TA Associates, a leading global growth private equity firm, invested in India-based Indira IVF, a leading India-based infertility treatment provider. Financial terms of the transaction were not disclosed.
“We are excited about the opportunity to partner with Indira IVF, a leader in IVF in India that aims to provide affordable, high-quality IVF services while delivering best-in-class clinical outcomes,” said Naresh Patwari, a Director at TA Associates. “IVF is a large and fast-growing opportunity in India that we believe has the ability to make a lasting positive impact on the lives of millions of people. We look forward to working with Dr. Ajay Murdia and the management team at Indira IVF to help them continue their growth efforts in India and international markets, both organically and inorganically, and to help them offer additional adjacent clinical services.”
DSK Legal and KPMG advised TA Associates. Veritas Legal advised Indira.
Credit Suisse, a Swiss multinational investment bank and financial services company, increased its stake in Credit Suisse Founder Securities, its securities joint venture with Founder Securities, from 33% to 51%. The shareholding of Founder Securities in CSFS will reduce to 49% as a result. Credit Suisse will continue to work closely with Founder Securities and the respective regulatory authorities in this regard. Financial terms were not disclosed.
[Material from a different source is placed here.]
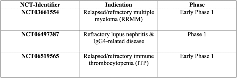 - Modality: Off-the-shelf donor-derived CAR-NK targeting BCMA.
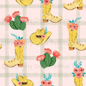 Playful and girly Western-themed pattern with cowboy boots, hats, and blooming cacti on a soft green plaid background. Perfect for Southwestern decor and fashion. Pastel Pink

KKR looks to focus on Japan. (FS)
Founders of KKR said that the company would prioritize investing in Japan as conglomerates like Hitachi, Toshiba and Panasonic jettison noncore subsidiaries and create potential gold mines for private equity.
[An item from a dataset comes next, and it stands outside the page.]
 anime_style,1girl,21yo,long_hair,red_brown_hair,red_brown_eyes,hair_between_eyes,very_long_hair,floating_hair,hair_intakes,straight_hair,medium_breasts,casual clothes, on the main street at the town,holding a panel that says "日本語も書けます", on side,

In an interview with the Financial Times, founder George Roberts said that he currently felt more comfortable investing in Japan than in China — remarks that come despite the significant investments and resources KKR has channeled into Hong Kong and the mainland over the past decade.
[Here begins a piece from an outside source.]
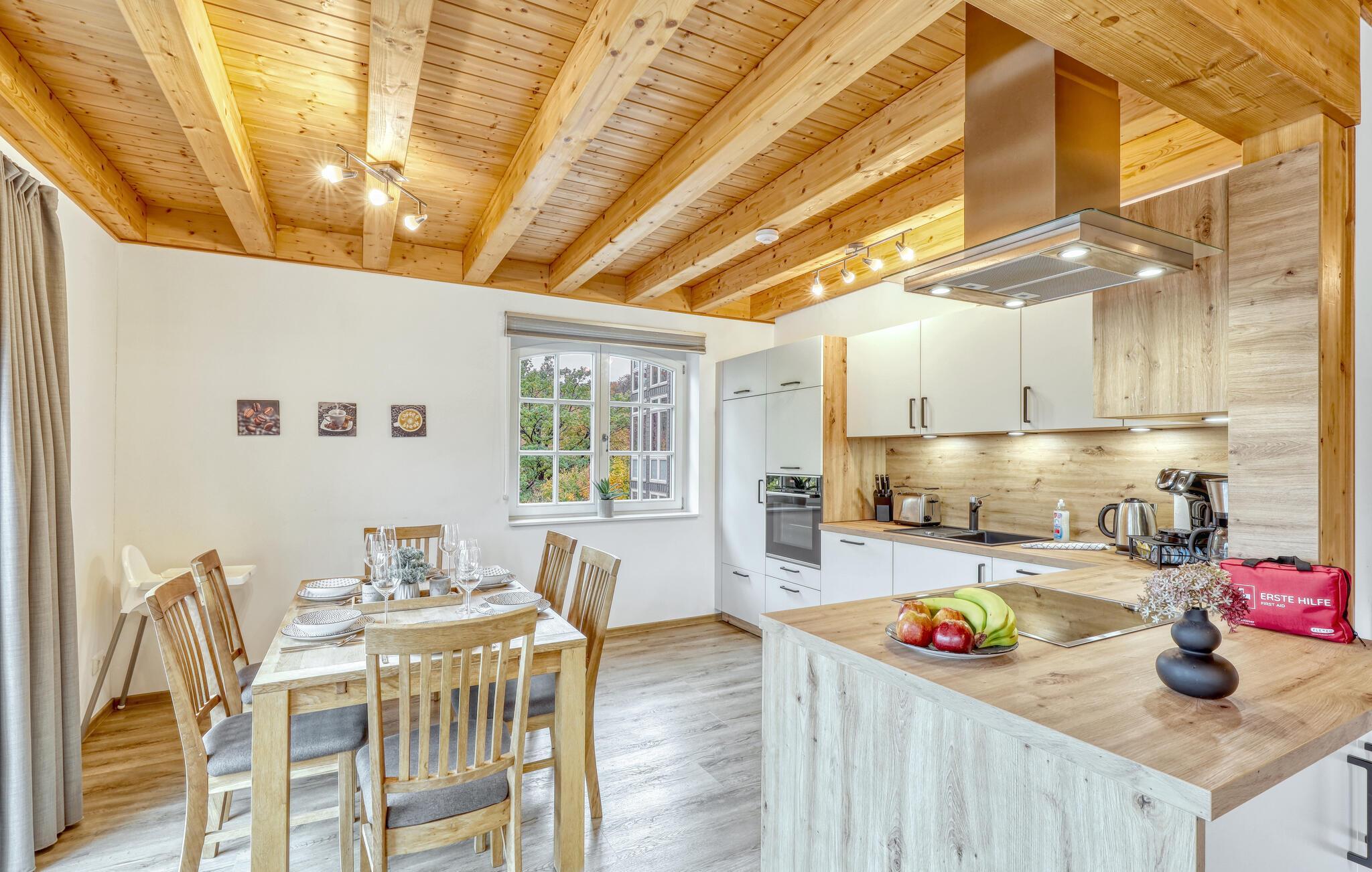 Forkæl jer selv med en pause i denne moderne luksusferielejlighed i stueetagen, der kombinerer elegance, ro og en varm og behagelig atmosfære. Træd indenfor og mærk straks den hyggelige atmosfære i de åbne opholdsrum. Slap af på den store sofa foran gulv-til-loft-vinduerne, hvor sollyset bader rummet i varmt lys. Tilbered jeres yndlingsretter i det moderne køkken med apparater af høj kvalitet og nyd måltider sammen ved spisebordet med udsigt over de grønne omgivelser. Benyt jer af den fælles sauna – ideel til at lade batterierne op efter en aktiv dag.

“This [Japan] is our highest priority right now other than the US . . . This is the best value today. If you look at value to price of stock and cost of capital, it’s here,” said Henry Kravis.
United Industrial Corporation acquired Marina Mandarin property in Singapore for $500m.
Singapore-listed real estate investment holding firm United Industrial Corporation acquired Marina Mandarin Singapore, a 5-star hotel, and parts of the Marina Square complex for S$675m ($500m), according to a stock market disclosure. The property was acquired from Finnegan Investments, Mackmoor, and OUE.
The proposed acquisition will pave the way for United Industrial Corporation and its parent UOL Group to jointly own the entire Marina Square mall. Once approved, the company will own a 77% stake in Marina Centre and 75% in Aquamarina Hotel. The remaining stake will be held by UOL.
Kumho Industrial looking to sell a stake in Asiana Airlines for $314m.
Kumho Industrial, a Korean civil engineering and construction company, is looking to sell its stake in Asiana Airlines, one of South Korea's two major airlines, for up to $314m. The company said in a regulatory filing that its board had approved the stake sale plan, aimed at securing liquidity and improving its financial structure.
Shares of Asiana jumped 30% in response to the news.
Toyota to sell electric vehicle tech to Singulato.
Toyota, a Japanese multinational automotive manufacturer, is to sell its electric vehicle technology to Singulato, the new energy vehicle brand of Chi Che-hung Technology. In return, Toyota will have preferential rights to purchase green-car credits that Singulato will generate under China’s new quota system for all-electric and plug-in hybrid vehicles. Financial terms were not disclosed.